Whatever the justification for removing Saddam Hussein, there can be no doubt that we invaded Iraq on false pretenses. Wittingly or unwittingly, President Bush deceived the American public and Congress and rode roughshod over the opinions of our allies. The gap between the Administration's expectations and the actual state of affairs could not be wider. It is difficult to think of a recent military operation that has gone so wrong. Our soldiers have been forced to do police duty in combat gear, and they continue to be killed. We have put at risk not only our soldiers' lives but the combat effectiveness of our armed forces. Their morale is impaired, and we are no longer in a position to properly project our power. Yet there are more places than ever before where we might have legitimate need to project that power. North Korea is openly building nuclear weapons, and Iran is clandestinely doing so. The Taliban is regrouping in Afghanistan. The costs of occupation and the prospect of permanent war are weighing heavily on our economy, and we are failing to address many festering problems—domestic and global. If we ever needed proof that the dream of American supremacy is misconceived, the occupation of Iraq has provided it. If we fail to heed the evidence, we will have to pay a heavier price in the future.
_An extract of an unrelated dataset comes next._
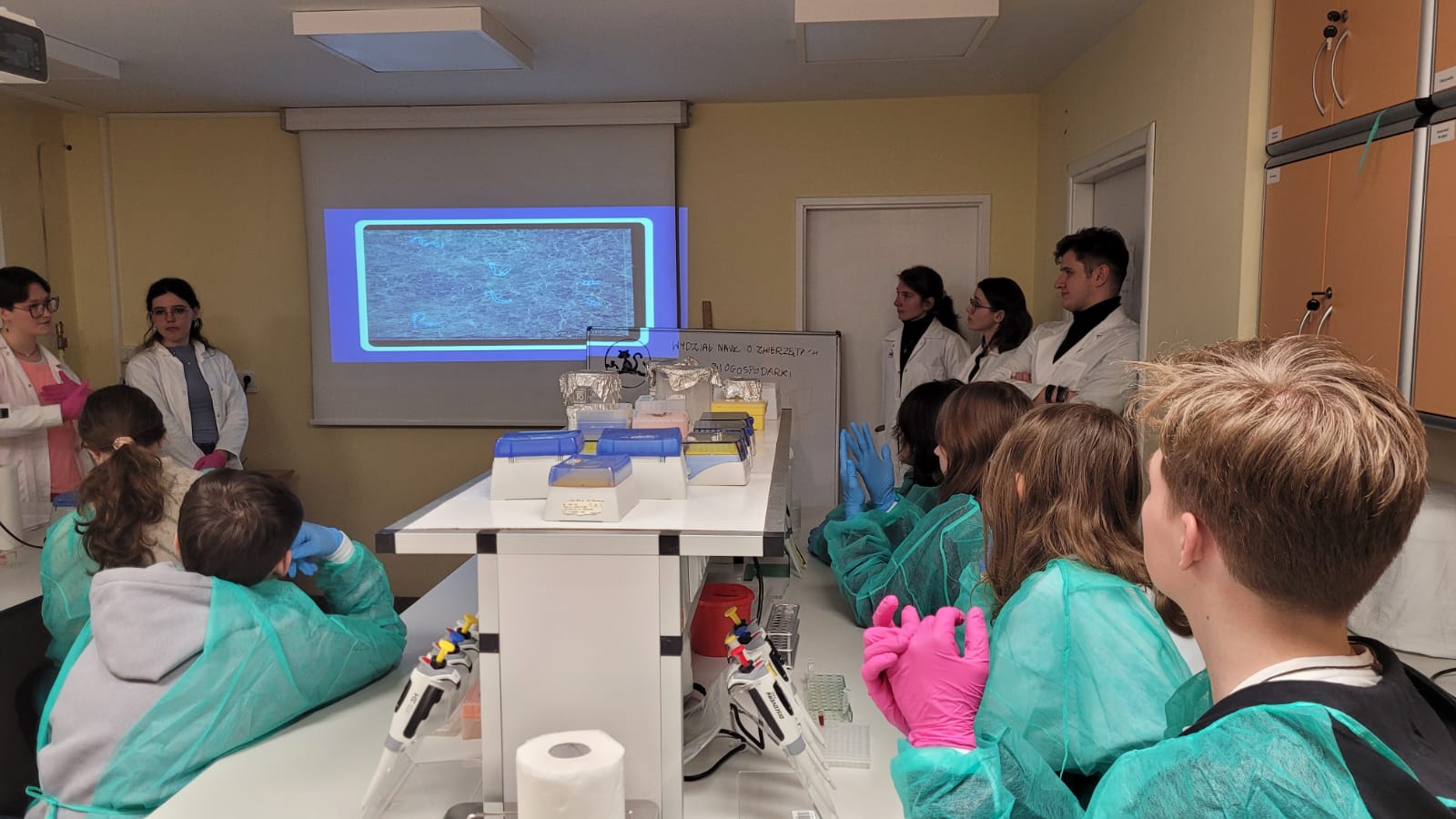 Zajęcia laboratoryjne zostały przeprowadzone przez Annę Pędziwiatr (biologia 3 rok), Blankę Jóźków (bioinżynieria 2 rok), Lidię Gozdecką (bioinformatyka w biogospodarce 2 rok), Łukasza Szargę (biotechnologia 4 rok) oraz Julię Oracz (pielęgnacja zwierząt i animaloterapię 2 rok). W warsztatach asystowali im członkowie koła: Malwina Machnio i Filip Gaca (kryminalistyka w biogospodarce 2 rok), Jagoda Radoń i Zuzanna Pawlikowska (behawiorystyka zwierząt 4 rok) oraz Izabela Sulowska (biotechnologia 3 rok).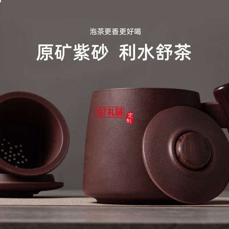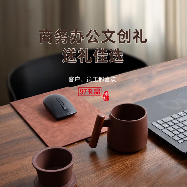 清樸堂 知行紫砂杯摜蛋商務(wù)套裝原礦紫砂杯紅木把商務(wù)辦公文創(chuàng)禮品禮盒 【

Meanwhile, largely as a result of our preoccupation with supremacy, something has gone fundamentally wrong with the war on terrorism. Indeed, war is a false metaphor in this context. Terrorists do pose a threat to our national and personal security, and we must protect ourselves. Many of the measures we have taken are necessary and proper. It can even be argued that not enough has been done to prevent future attacks. But the war being waged has little to do with ending terrorism or enhancing homeland security; on the contrary, it endangers our security by engendering a vicious circle of escalating violence.

The terrorist attack on the United States could have been treated as a crime against humanity rather than an act of war. Treating it as a crime would have been more appropriate. Crimes require police work, not military action. Protection against terrorism requires precautionary measures, awareness, and intelligence gathering—all of which ultimately depend on the support of the populations among which the terrorists operate. Imagine for a moment that September 11 had been treated as a crime. We would not have invaded Iraq, and we would not have our military struggling to perform police work and getting shot at.

Declaring war on terrorism better suited the purposes of the Bush Administration, because it invoked military might; but this is the wrong way to deal with the problem. Military action requires an identifiable target, preferably a state. As a result the war on terrorism has been directed primarily against states harboring terrorists. Yet terrorists are by definition non-state actors, even if they are often sponsored by states.

The war on terrorism as pursued by the Bush Administration cannot be won. On the contrary, it may bring about a permanent state of war. Terrorists will never disappear. They will continue to provide a pretext for the pursuit of American supremacy. That pursuit, in turn, will continue to generate resistance. Further, by turning the hunt for terrorists into a war, we are bound to create innocent victims. The more innocent victims there are, the greater the resentment and the better the chances that some victims will turn into perpetrators.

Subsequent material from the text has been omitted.